Frontotemporal dementia (FTD) is a common aging-related neurodegenerative disease and shares a wide
spectrum of clinical, pathological, and genetic features with amyotrophic lateral sclerosis (ALS). Recent advance
in genetics study indicates that pathogenic mutations of most ALS genes are also causative to FTD. Substantial
evidence from genetics study suggests Ubqln2 as a causative gene of both ALS and FTD, but how Ubqln2
causes the diseases is not known. Overexpression of Ubqln2 with or without a pathogenic mutation causes
indistinguishable phenotypes reminiscent of ALS and FTD, suggesting that pathogenic mutation or excess
expression of Ubqln2 is both pathogenic for the diseases. As deletion of the Ubqln2 in knockout rodents does
not affect neuronal function, pathogenic Ubqln2 likely causes the diseases through a gain of unknown function.

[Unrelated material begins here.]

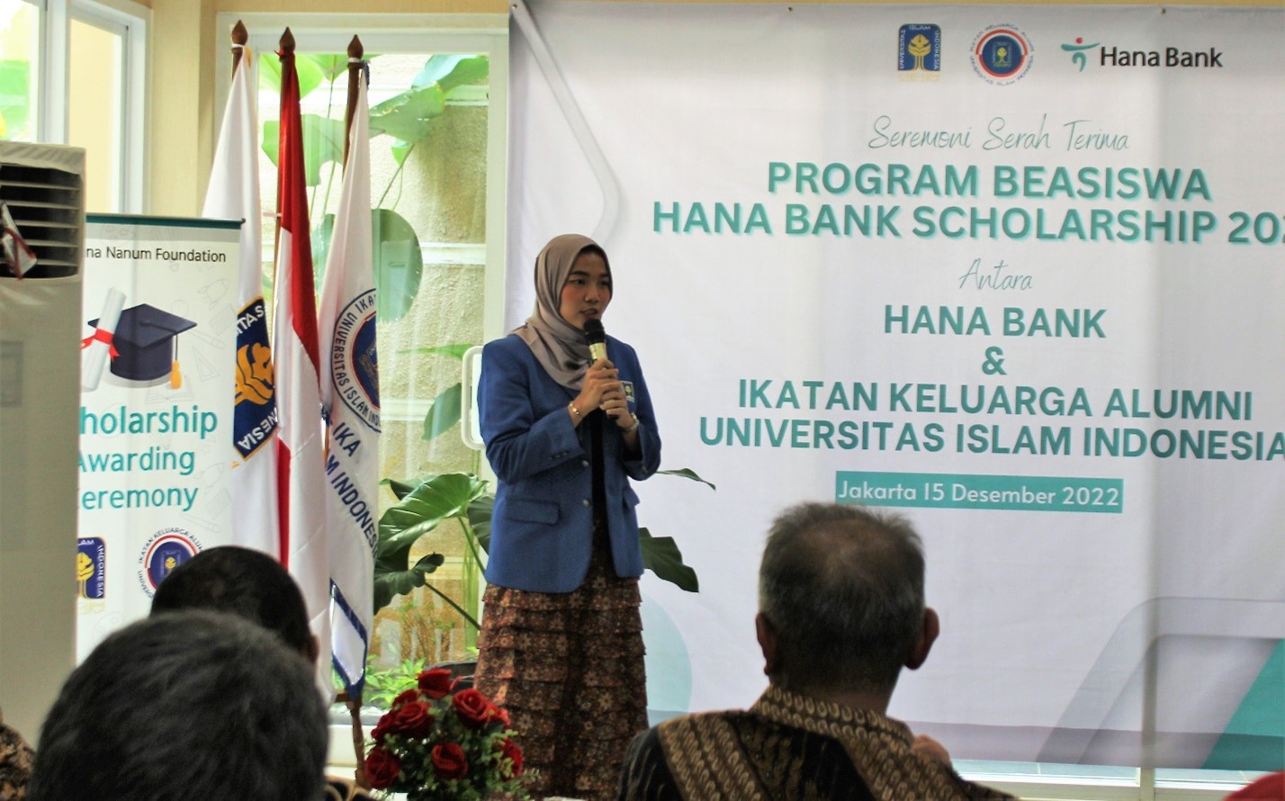 Kegiatan seremoni serah terima ini juga dihadiri oleh perwakilan mahasiswa penerima Hana Bank Scholarship 2022, Syadza Hulwah Adlin (Hubungan Internasional 2019), untuk menyampaikan ucapan terima kasih melalui pidatonya.

A prominent feature of Ubqln2 related diseases is protein aggregation, which is well reproduced in transgenic
rodents overexpressing Ubqln2. Using biochemical approaches, we attempt to unravel how pathogenic Ubqln2
induces neuronal dysfunction via its gained aggregation-prone feature. Our preliminary studies observed that
Ubqln2 is deregulated in FTD patients and at miRNA deficiency. The proposed research will determine how
deregulated Ubqln2 expression is related to impaired cognitive function and neuronal death in novel rat models
and how miRNA deficiency leads to deregulated Ubqln2 expression and to cortical dementia in the diseases.
Upon completion, the proposed research will gain a mechanistic insight on Ubqln2 related diseases and likely
will identify a network of genes essential to neuronal survival and cognitive function.